1842 was a year of crisis in Britain, and no more so than in the West Riding town of Halifax. A great strike of all trades took place across England in 1842. It reached its zenith in the industrial towns of the north, starting in the small communities of Lancashire and quickly spreading to the West Riding of Yorkshire as Lancashire marchers poured across the Pennines. In hand with its neighbouring town of Huddersfield, Halifax was noted for its opposition to the New Poor Law which, in 1834, attempted to abolish outdoor relief for the poor, for its support of a maximum ten-hour working day and the Chartists' call for workers' voting rights. When Bradford publican 'Fat Peter' Bussey attended the first Chartist Convention in London in 1839, he took with him the West Riding petition bearing 52,800 signatures, 25 percent of which had been given at Halifax. This book discusses the efforts made by the men and women of Halifax in these early years of organised agitation for social reform, their 'clandestine meetings and nightly drilling', their 'determination, resilience and militancy' to gain a say in the laws under which they lived. It tells of the fight for the legislative rights of workers like seventeen-year-old Patience Kershaw, who dragged loads of coal for twelve hours each day along narrow and dangerous passages under the hills of Halifax. When the Lancashire marchers arrived at Halifax in the hot summer of 1842, the cavalry attempted to clear the streets with their sabres and a violent response was inevitable, arrests quickly followed. The climax came when many hundreds of the men and women of Halifax fought against British soldiers on 16th August 1842, an event which led to the humiliation of a proud platoon of Prince Albert's Own and to the death of at least six men of Halifax.

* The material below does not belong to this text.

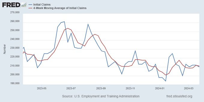 With an eye toward the labor market, you’ll see on the chart below that we have been holding steady in terms of the four-week moving average of Initial Jobless Claims.

This is a well researched narrative history of a turbulent time and a necessary reminder of the horrible reality of industrial life in Northern England in the 1800s and an account of the political exclusion of working-class men and women from democracy. There is of course a wider lineage from Peterloo in 1819 to Grunwick in 1976-8, whereby the powerful have kept their entrenched privilege. This added new villains to the roll call, like Jonathan Akroyd, and highlighted the Herculean underdog efforts of so many - including Benjamin Rushton and Ernest Jones - to stop what was notably called "white slavery" in the factories, alongside varied attempts to gain the civic and human right to be able to vote for representatives to decide on the laws which affect your everyday lives.
Catherine Howe places Halifax at the centre of the story of Chartism and notes how doomed insurrection nevertheless laid the groundwork for future slow reform, and also the trade union movement itself. Howe wryly recounts the myopic biases of the Anti-Corn League campaigns and the economic and political elites' defined philosophy of "Political Economy": ironically, very much self-help of the rich, protecting their own unearned power, wealth and assets. There's also a vital attention to how the powerful used painfully familiar divide-and-conquer tactics including bribery, to undermine the Chartist cause.
A very readable and compassionate account of the situation in Halifax surrounding the Great Strikes of 1842 and the key players in the area. Howe writes in a manner which makes it easy to conjure up the scenes and consider the mindset of the working people of Halifax.